Eye-tracking analysis provided further insights into the cognitive processes underlying dermatologists’ interactions with AI and XAI systems. Our results showed that the number of fixations was significantly higher when there was a disagreement between the dermatologist’s diagnosis and the prediction of the classifier. This suggests that dermatologists spend more time and effort examining cases where there is a discrepancy, reflecting a deeper cognitive engagement with challenging cases. The higher fixation counts in these scenarios were observed in both the AI and XAI phases, indicating that the presence of explanations in XAI did not reduce the cognitive load but perhaps redirected it towards understanding the provided justifications. When encountering a classifier decision they disagree with, dermatologists might engage in a more in-depth analysis, revisiting specific details or searching for inconsistencies. As suggested by Kempt et al. dermatologists can leverage classifier predictions as second opinions to validate or reconsider their initial diagnoses, leading to more informed decision-making³¹. The relatively lower number of fixations when the dermatologist’s diagnosis aligned with the prediction of the classifier suggests that the dermatologist might feel more confident and require less re-evaluation when their diagnosis is supported by the classifier. The agreement likely provides a form of validation that reduces the need for extensive additional examination. In practice, implementing AI interfaces that dynamically provide additional clarifications upon detecting user hesitation or prolonged fixations on specific lesion areas may be worth exploring.

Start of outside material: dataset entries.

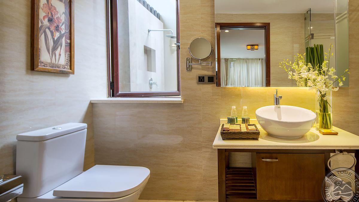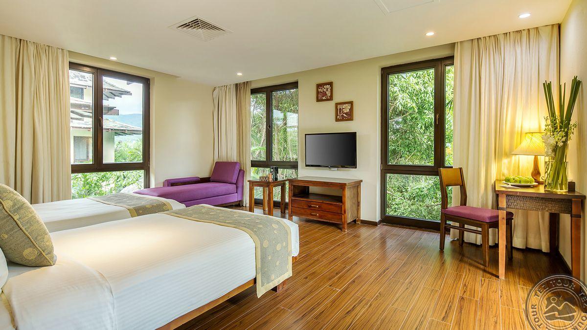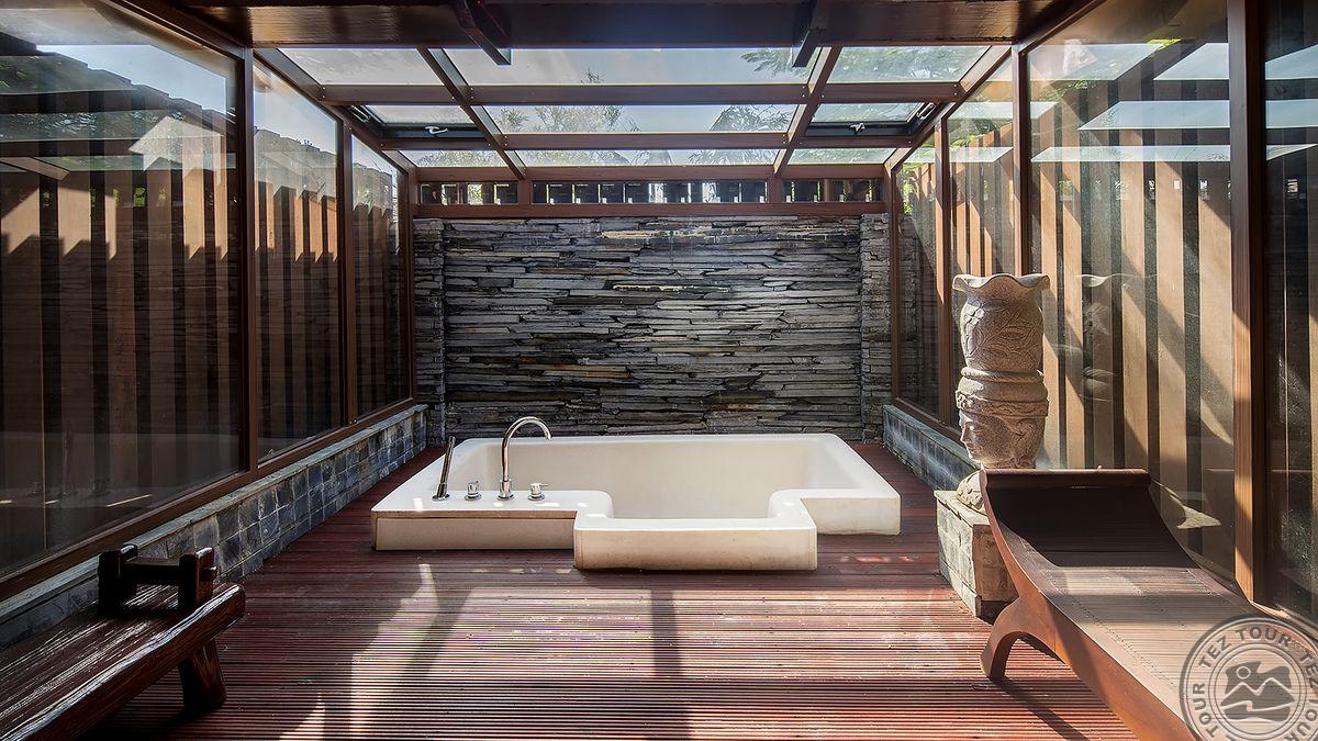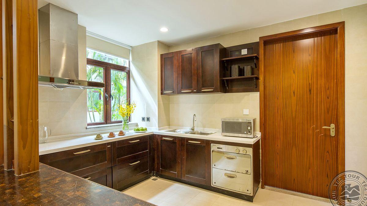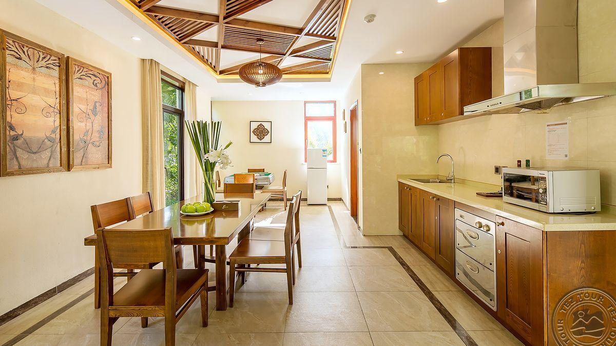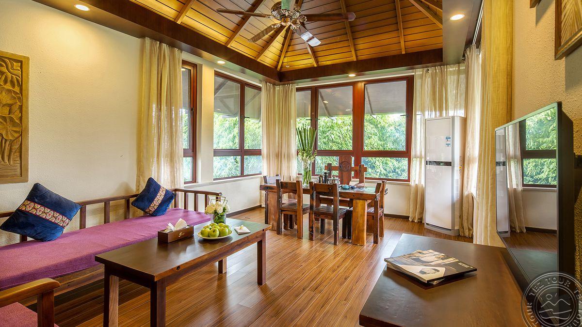 Номер:> сейф: есть уборка номера: по запросу (экосистема) смена белья: по запросу утюг: есть халат мини-холодильник телевизор: есть тапочки пляжные полотенца фен: есть кухня (во всех виллах кроме Honeymoon Villa, использование кухни платно от 150 юаней в день и выше в зависимости от используемой кухонной утвари) кондиционер: есть мини-бар платно ванна или душ балкон не во всех номерах смена полотенец: ежедневно room service: есть телефон набор для приготовления чая/кофе Интернет: Wi-Fi, бесплатно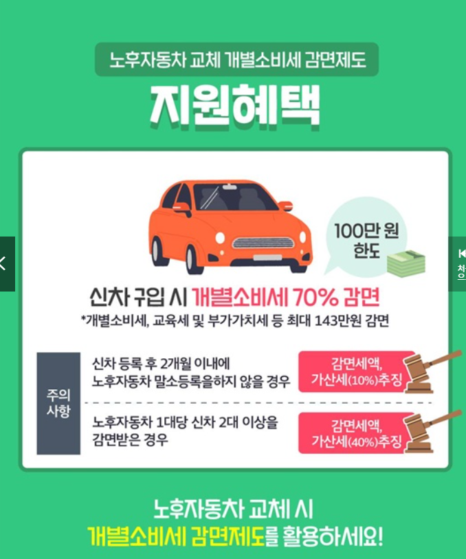 이 혜택은 환경 보호와 자동차 산업 활성화를 위한 정책으로, 연비가 낮고 배출가스가 많은 노후차를 친환경 신차로 교체하도록 유도하는 것이 목적입니다. 동시에 소비자에게는 큰 경제적 혜택을 제공합니다.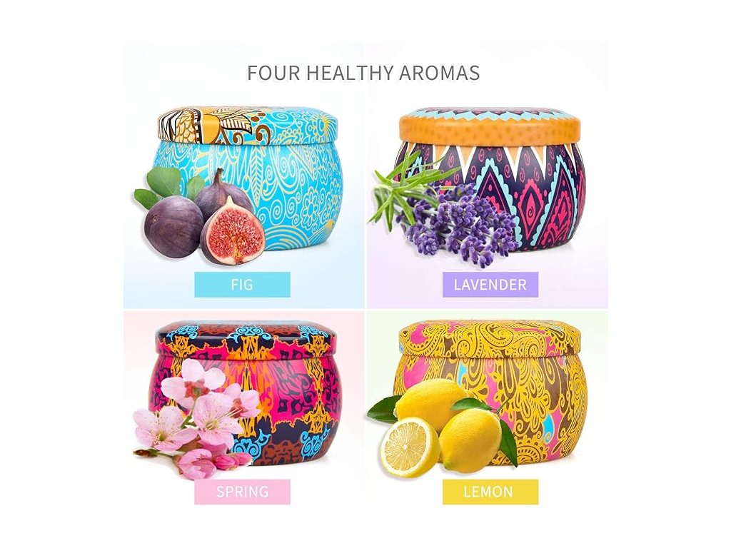 - ★ 【4 PARFÉMOVÉ VŮNĚ MINI CESTOVNÍ SVÍČKY】 vůně růže, levandule, citronu a středomořských fíků pro negativitu, nežádoucí energie, čistí, čistí a zahání

Our findings also revealed discrepancies in absolute fixation numbers between the webcam-based and the device-based study. However, the relative trend remained consistent. For example, in both systems, fixation numbers were higher for disagreement compared to agreement (e.g., for AI: 8.2 vs. 19.2 in the webcam-based study and 13.4 vs. 24.9 in the device-based study; for XAI: 9.8 vs. 22.6 in the webcam-based study and 17.1 vs. 28.7 in the device-based study). This consistency in trends suggests that while absolute values differed due to variations in tracking accuracy, the comparative effects observed across conditions remained meaningful.

We found a negative correlation between fixation counts and dermatologist experience levels. This suggests that experienced dermatologists develop more efficient search patterns and require less time to visually inspect lesions compared to their less experienced colleagues. This efficiency is likely due to their familiarity and expertise in rapidly identifying key diagnostic features. This finding aligns with similar studies that show how experts develop efficient visual search strategies, leading to fewer fixations and shorter fixation duration^26,29. However, different training backgrounds may also play a role in how dermatologists develop efficient fixation patterns, a factor not considered in this analysis. Training programs for dermatologists might benefit from incorporating visual fixation training, helping less experienced dermatologists develop more effective scanning techniques. Incorporating “eye movement modeling examples” where trainees view expert gaze patterns in real time or through replay can help novices internalize expert search strategies. We did not find any correlation between dermatologists’ experience levels and their benefit with XAI over plain AI, in contrast to the positive correlation found in Chanda et al.². In their study, experience was defined as their frequency of use and involvement in dermoscopy, i.e., rare use, occasional use, regular use, regular use and involvement in science. In this study, we measured experience by their actual years of experience as dermatologists regardless of their frequency of use, which might explain the difference in findings between the two studies.

We found a positive correlation between the number of fixations and the diagnostic difficulty of the respective cases, suggesting that participants spent more time visually inspecting areas containing features that were challenging to diagnose. This aligns with the notion that increased cognitive load during visual tasks leads to more fixations and longer fixation durations²⁵.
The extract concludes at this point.